Whole Numbers
Whole Numbers & Their Properties
Whole numbers are 0, 1, 2, 3, … The smallest whole number is 0 and there is no largest. Natural numbers start from 1.
Key properties: addition and multiplication are commutative (a + b = b + a) and associative, and multiplication is distributive over addition: a × (b + c) = a × b + a × c.
Example 1: Which property does 7 + 5 = 5 + 7 show?
The commutative property of addition.
Example 2: Use the distributive property: 4 × (10 + 2).
4 × 10 + 4 × 2 = 40 + 8 = 48.
Quick recap
- Whole numbers: 0, 1, 2, 3, … (smallest is 0).
- Commutative: a + b = b + a; distributive: a × (b + c) = a×b + a×c.
✓ Quick check
What is the smallest whole number?
The smallest whole number is 0.
Using the distributive property, 6 × (5 + 2) = ?
6 × 5 + 6 × 2 = 30 + 12 = 42.
The Number Line & Successor/Predecessor
Whole numbers can be shown on a number line. Moving right adds and moving left subtracts. The successor of a number is one more; the predecessor is one less.
0 is the only whole number with no predecessor (in whole numbers).
Example 1: What is the successor of 99?
99 + 1 = 100.
Example 2: On a number line, where does 3 + 4 land?
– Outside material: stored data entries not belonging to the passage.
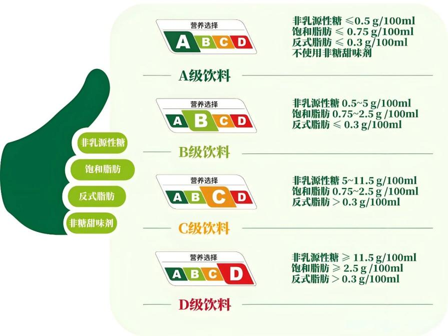 今年国内首次推出饮料“营养选择”分级标识,评定等级从高至低,标识ABCD四级,推荐程度逐步递减。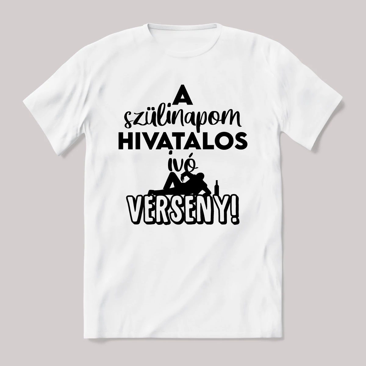 A szülinapom hivatalos ivóverseny. Feliratos vicces póló.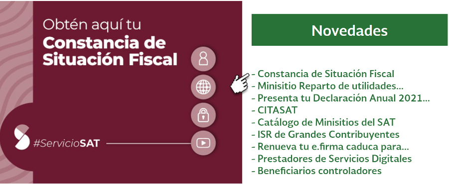 El SAT recomendó a los contribuyentes conozcan y mantengan actualizada en todo momento su información fiscal contenida en la Constancia de Situación Fiscal, la cual, dijo, es como su acta de nacimiento ya que contiene datos de identificación, ubicación y obligaciones fiscales, tales como el Registro Federal de Contribuyentes (RFC), nombre o razón social, código postal del domicilio fiscal y régimen fiscal.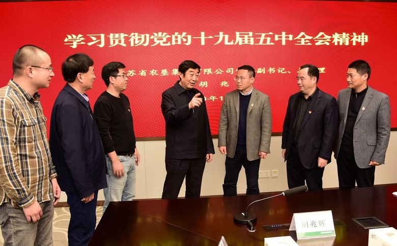 胡兆輝指出,全會高高立起了發展的“里程碑”、科學設定了前行的“方向標”、精心繪制了騰飛的“航線圖”,要把學習宣傳貫徹五中全會精神和總書記視察江蘇重要講話指示精神作為一項重要政治任務。要組織廣大黨員干部認真學習領會全會精神和總書記重要講話指示精神,堅持原原本本學、融會貫通學、創新方式學,切實把握核心要義、吃透精神實質。要把學習貫徹成果轉化為立足崗位作貢獻的強大動力,按照總書記賦予江蘇“爭當表率、爭做示范、走在前列”的新使命新任務,在穩增長、抓改革、促創新、強黨建、防風險等方面扎實工作,確保“十四五”布好局、起好步。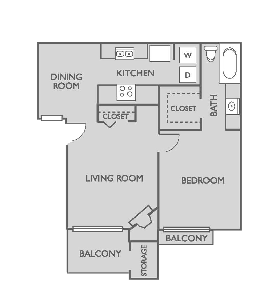 1 Bed, 1 Bath, 602 sq ftModel Gallery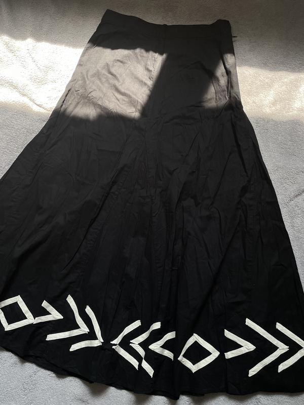 легка бавовняна довга спідниця с геометричним візерунком в нижній частині. збоку блискавка.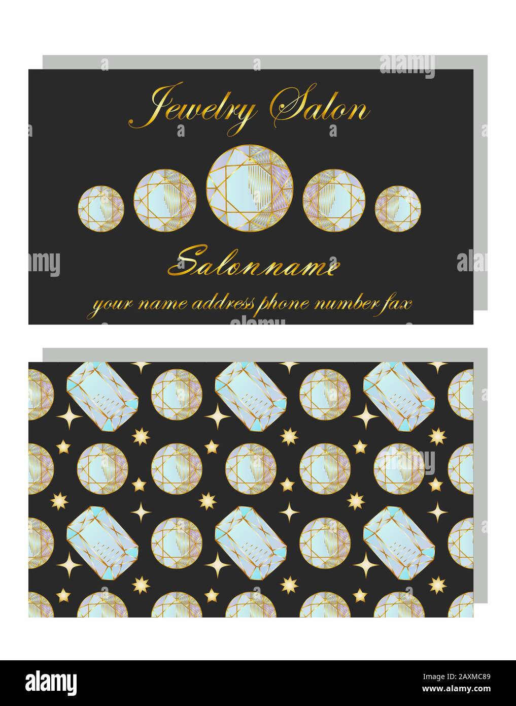 Identita Del Marchio Modello Di Biglietto Da Visita Con Lato Anteriore Con Logo Diamante Dorato Cristallo Testo E Lato Posteriore Con Motivo Con Pietre Preziose Immagine E Vettoriale Alamy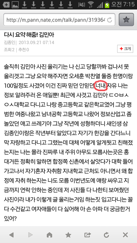 말투가 조카 비슷함ㅋㅋㅋ맞춤법 틀린거 보여???저것도 똑같음ㅋㅋㅋㅋㅋ내가 이런거에 예민해서 그런가 암튼 의심이 가네욤~_~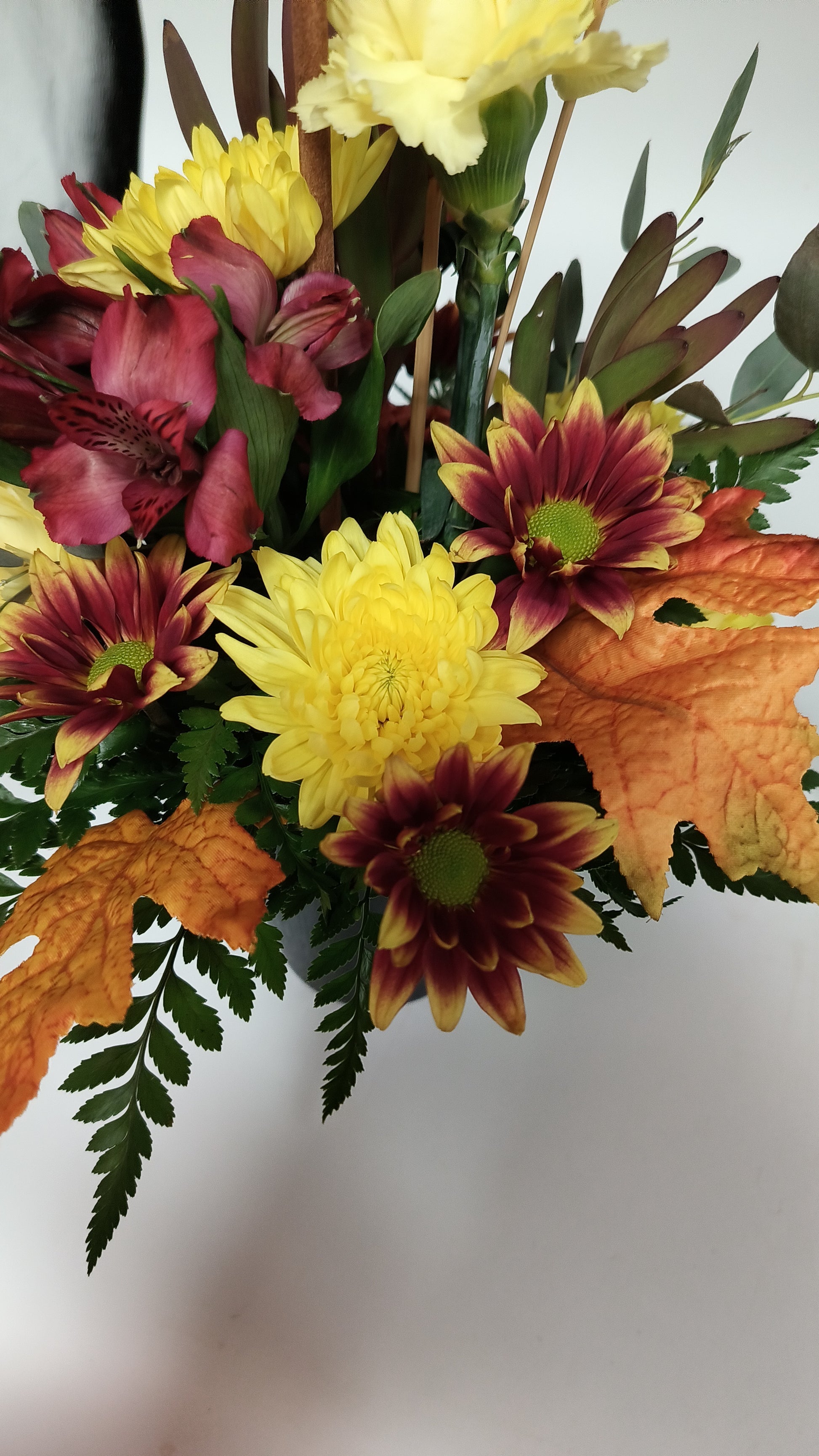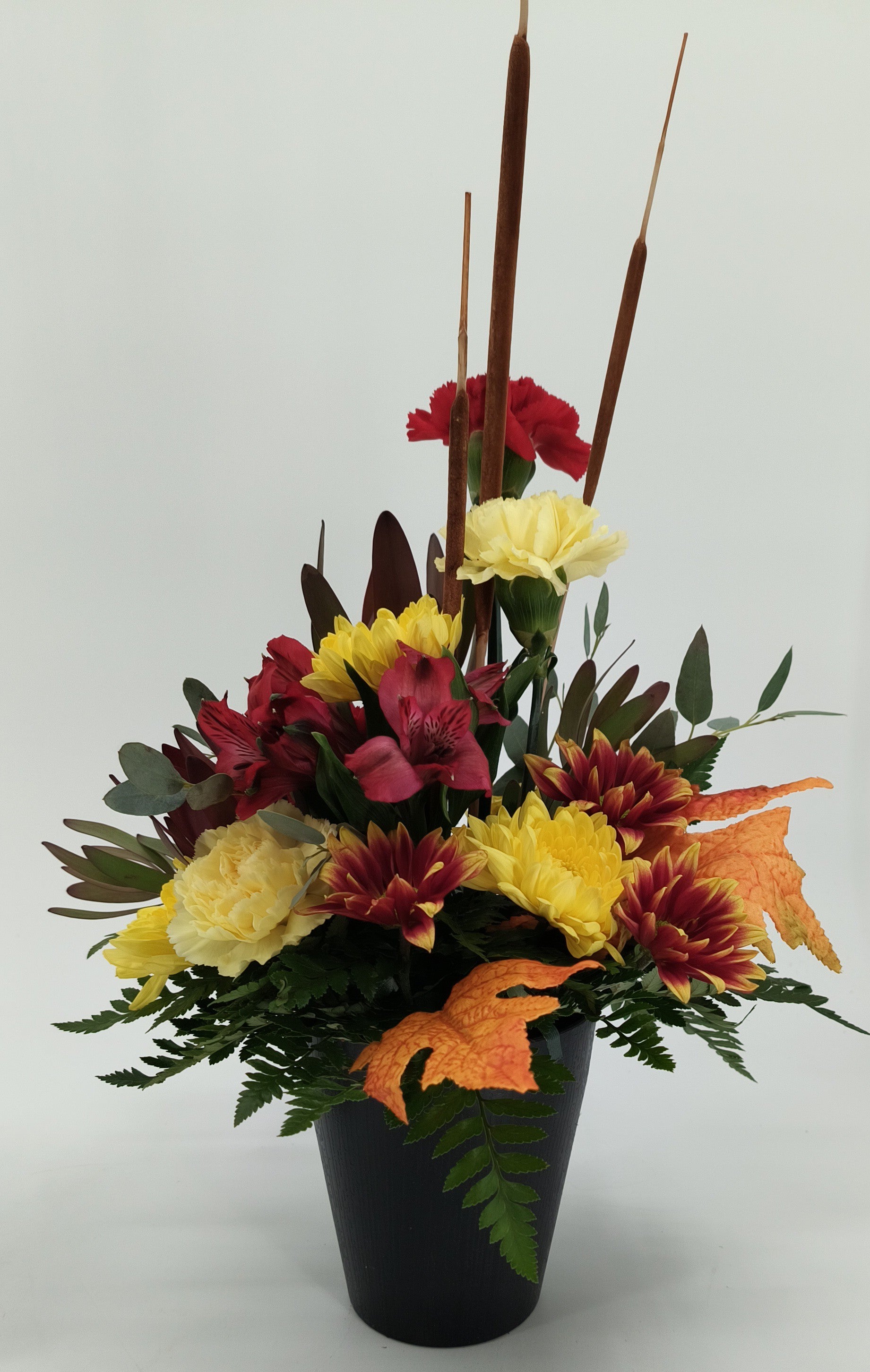 Rich colors of fall enhanced by cattail and leaves make this a simply splendid arrangement.

Start at 3 and move 4 right to reach 7.
Quick recap
- Successor = number + 1; predecessor = number − 1.
- 0 has no predecessor among whole numbers.
✓ Quick check
What is the predecessor of 1000?
1000 − 1 = 999.
Which whole number has no predecessor?
0 is the smallest whole number, so it has no predecessor.
Patterns, Brackets & Simplifying
When simplifying, do the work inside brackets first, then multiplication and division, then addition and subtraction (the BODMAS order).
So 2 + 3 × 4 = 2 + 12 = 14, and 12 − (3 + 4) = 12 − 7 = 5.
Example 1: Simplify 12 − (3 + 4).
Brackets first: 12 − 7 = 5.
Example 2: Simplify 2 + 3 × 4.
Multiply first: 2 + 12 = 14.
Quick recap
- Do brackets first, then × and ÷, then + and −.
- This order is called BODMAS.
✓ Quick check
Simplify: 20 − (5 × 2) = ?
5 × 2 = 10, so 20 − 10 = 10.
Simplify: (8 + 2) × 3 = ?
Brackets first: 10 × 3 = 30.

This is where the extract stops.